Knowing the resolution of an F8 lens (we will round it down to 10 microns to make the math easier), we can see the equivalent resolution of film:
- 135 format (35mm) is 24mm x 35mm, giving 2400 x 3500 pixels (8.4 MP)
- 120/220/ is what most professionals use with a 56mm x 90mm frame, or 5600 x 9000 pixels (50MP)
- 4″ by 5″ sheet film mostly used for landscapes and some fashion photography gives roughly 10,000 x 12,500 pixels (125MP)
- 8″ x 10″ (which is what Ansel Adams used) would be 20,000 x 25,000 pixels (500MP)
And just for fun, the largest sheet film currently available is the Polaroid 20″ X 24″ used for recording large works of art (murals, tapestries etc.), which gives about 500,000 X 600,000 (3GP). If you want larger negatives than this, you will need to coat a glass plate yourself.
Bottom line: If your only concern is resolution, you should not be looking at a digital camera.
The only cameras I know of that come close to medium format resolution with a good pixel size are made by Phase One and Hassleblad. From what I understand, Fujifilm also makes one in this size but I have not seen one in person. You should be more interested in a 120/220 format camera or better yet, an 8″ by 10″ sheet camera.

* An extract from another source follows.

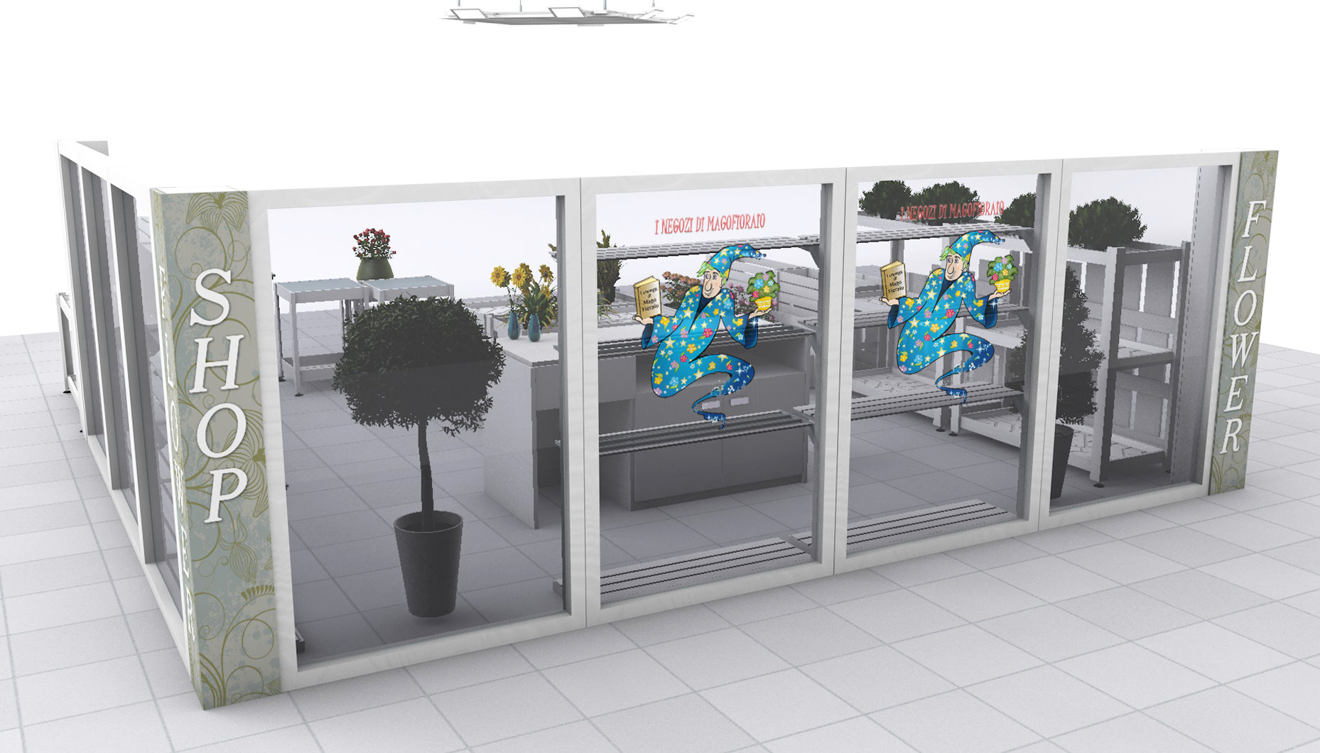 Il progetto è stato sviluppato sull’idea di creare una piccola bomboniera all’interno di un’area puramente commerciale come quella di un supermercato. Un’area semi-chiusa, che si affaccia sulla galleria del centro commerciale e aperta verso l’interno del supermercato.

There are three reasons to choose a digital camera over a film camera:
- First, and the reason most of us choose to make the transition, is to avoid the per exposure cost associated with film and the limited number of exposures on a role;
- Second is to avoid the dark room altogether in order to shorten the time between exposure and publication, and
- Third, because the length of an exposure on film would be prohibitively long to capture the event you are interested in, such as in sports or scientific research.
Ed Note: Having spent some time in the “film” world, I have been mightily impressed with digital cameras for many of the reasons Ian listed; however, I have enlarged prints to 16″ x 20″ from ¼ of a 35mm negative (B&W, fine grain) to presentation quality, which is impossible with digital “prosumer” cameras.